What Happened Next . . .



The wording of the Sherman Antitrust Act was not specific. It failed to define such key terms as "trust," "conspiracy," "restraint of trade or commerce," "monopolize," or "combine." As a result the U.S. courts struggled through the 1890s to give precise legal meaning to the law.



The first important case to be brought under Sherman was U.S. v. E. C. Knight Company in 1895. About 1890 the American Sugar Refining Company began purchasing stock in four competitors including E. C. Knight Company. By 1892 the resulting American Sugar trust controlled 98 percent of sugar refining in the United States.

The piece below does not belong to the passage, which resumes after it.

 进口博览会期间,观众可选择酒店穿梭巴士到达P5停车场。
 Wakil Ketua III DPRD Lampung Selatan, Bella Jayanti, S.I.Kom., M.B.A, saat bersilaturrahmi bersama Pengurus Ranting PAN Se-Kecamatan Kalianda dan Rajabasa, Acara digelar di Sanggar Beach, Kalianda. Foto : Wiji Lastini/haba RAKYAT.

President Grover Cleveland's (1837–1908; served 1885–89 and 1893–97) administration charged American Sugar for illegal restraints of trade under the Sherman Act.

In 1895 the U.S. Supreme Court ruled the manufacturing (refining) of sugar was an activity that took place in facilities in specific states and was not a restraint of interstate trade. At the time, the decision seemed to end any thought that the provisions of the Sherman Act would actually be used to regulate the formation of trusts.

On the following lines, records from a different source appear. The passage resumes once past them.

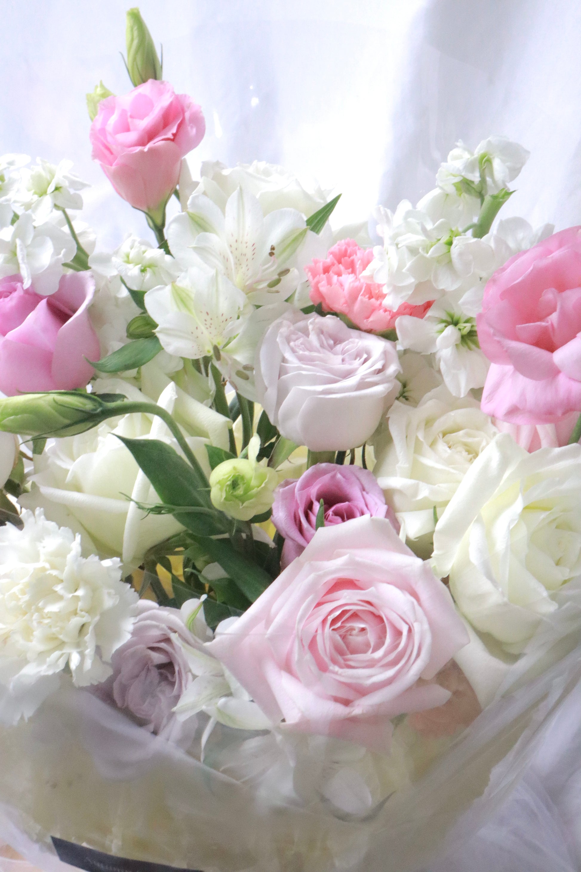 pink roses, white eustoma, pink fillers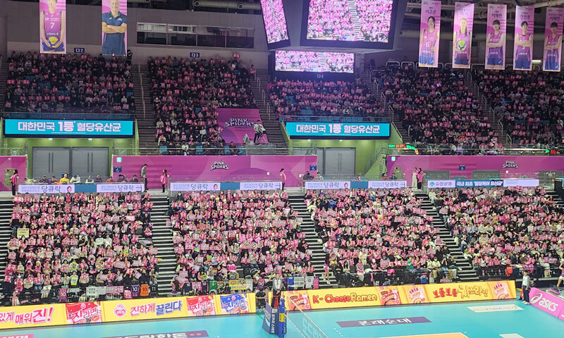 평일임에도 흥국생명의 홈 경기장인 인천 삼산월드체육관이 핑크색 물결로 가득 찼다.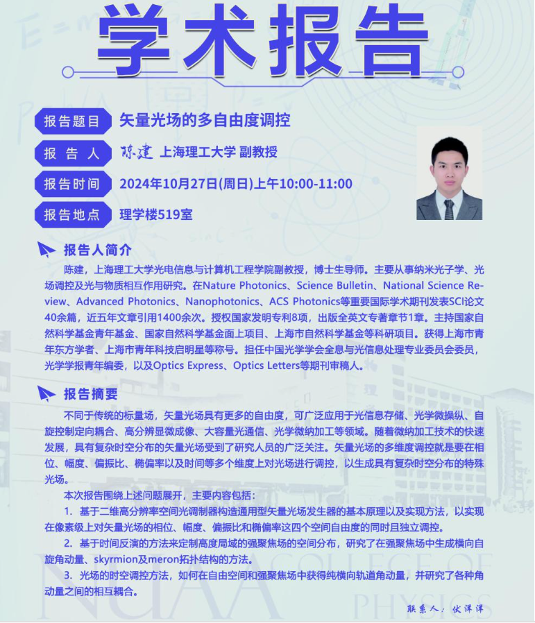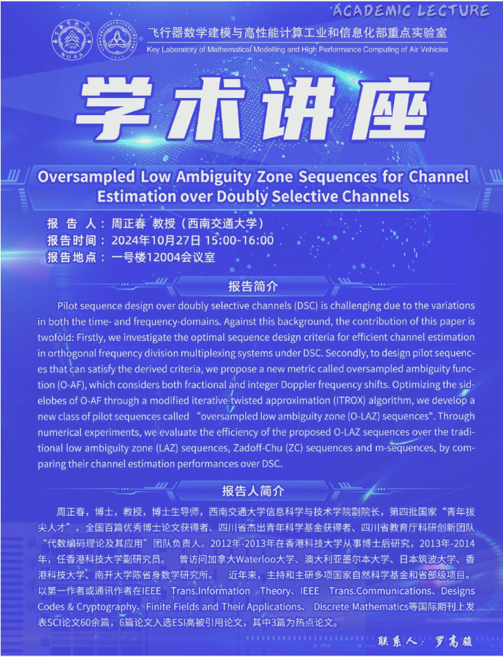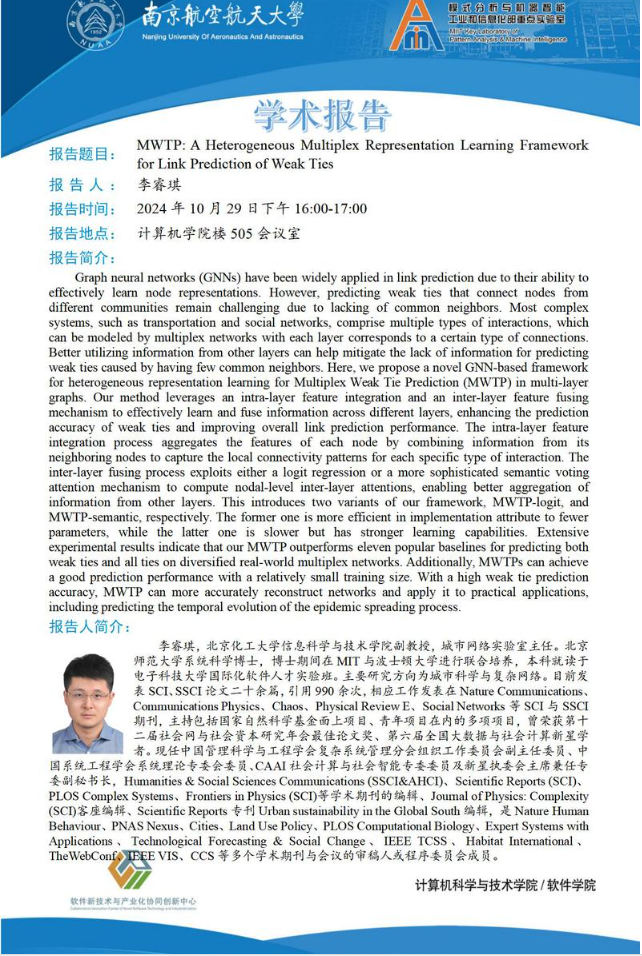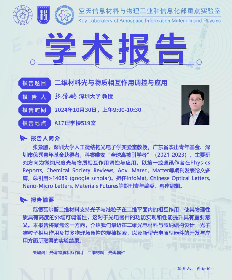 报告地点:南京航空航天大学明故宫校区(A8楼605会议室)
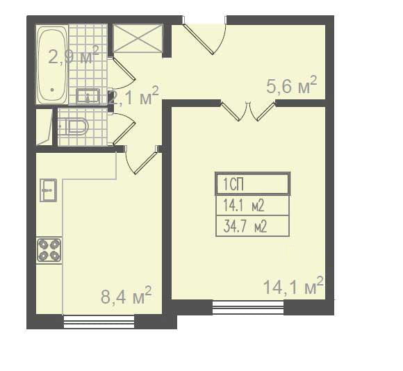 Площадь однушки небольшая — 34,7 кв.м. Для кухни отведено достаточно места, а размер гостиной небольшой – всего 14,1 кв. Также нет ни балкона, ни лоджии. Для некоторых эти функции являются недостатком.

Little progress was made against trusts until the election of "trust-busting" President Theodore "Teddy" Roosevelt (1858–1919; served 1901–09). Roosevelt, who became president in March 1901, was as concerned as the public over the continued growth of powerful trusts. In 1903 Roosevelt convinced Congress to establish the first new government cabinet-level department since the Civil War (1861–65), the Department of Commerce and Labor. The new department would oversee the actions of business and labor unions. Within the department Roosevelt established the Bureau of Corporations to uncover violations of the Sherman Act. The bureau began to look into various businesses such as oil, tobacco, steel, and meatpacking.

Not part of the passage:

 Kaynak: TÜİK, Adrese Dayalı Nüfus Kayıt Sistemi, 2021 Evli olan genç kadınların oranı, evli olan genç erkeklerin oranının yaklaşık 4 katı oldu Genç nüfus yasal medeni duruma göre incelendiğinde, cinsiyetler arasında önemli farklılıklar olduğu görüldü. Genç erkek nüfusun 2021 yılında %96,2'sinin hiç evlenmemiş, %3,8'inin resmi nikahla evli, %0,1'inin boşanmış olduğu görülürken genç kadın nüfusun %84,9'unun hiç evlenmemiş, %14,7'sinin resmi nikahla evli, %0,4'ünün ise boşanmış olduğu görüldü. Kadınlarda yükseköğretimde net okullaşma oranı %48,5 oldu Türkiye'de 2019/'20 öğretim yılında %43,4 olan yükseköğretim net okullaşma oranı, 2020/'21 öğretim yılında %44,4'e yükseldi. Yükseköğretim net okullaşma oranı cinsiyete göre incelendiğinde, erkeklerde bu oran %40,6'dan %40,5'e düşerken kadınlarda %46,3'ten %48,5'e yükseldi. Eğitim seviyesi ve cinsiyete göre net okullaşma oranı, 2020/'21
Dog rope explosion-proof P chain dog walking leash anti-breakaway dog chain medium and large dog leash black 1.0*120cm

Philander C. Knox, Roosevelt's attorney general, initiated forty-four antitrust suits during the Roosevelt administration. One of the earliest suits was against the Northern Securities Company (NSC). NSC was formed in New Jersey as a holding company, the name given trusts in New Jersey to avoid the Sherman Act. Monopolizing rail traffic between Chicago and the Northwest, NSC controlled railroad stock of the Great Northern, Northern Pacific, and the Chicago, Burlington, and Quincy railroads.

Little progress was made against trusts until the election of "trust-busting" President Theodore "Teddy" Roosevelt. (© Corbis)


Wealthy businessmen involved with NSC were J. P. Morgan, James J. Hill, and E. H. Harriman. In 1904 the U.S. Supreme Court found in favor of the government and ordered the breakup of NSC. The decision in Northern Securities Company v. U.S reversed the Court's position on trusts taken in the E. C. Knight case. The combining of railroads halted, and Roosevelt's popular approval rating hit an all-time high. Despite his aggression towards trusts, Roosevelt wanted only to regulate not destroy big business.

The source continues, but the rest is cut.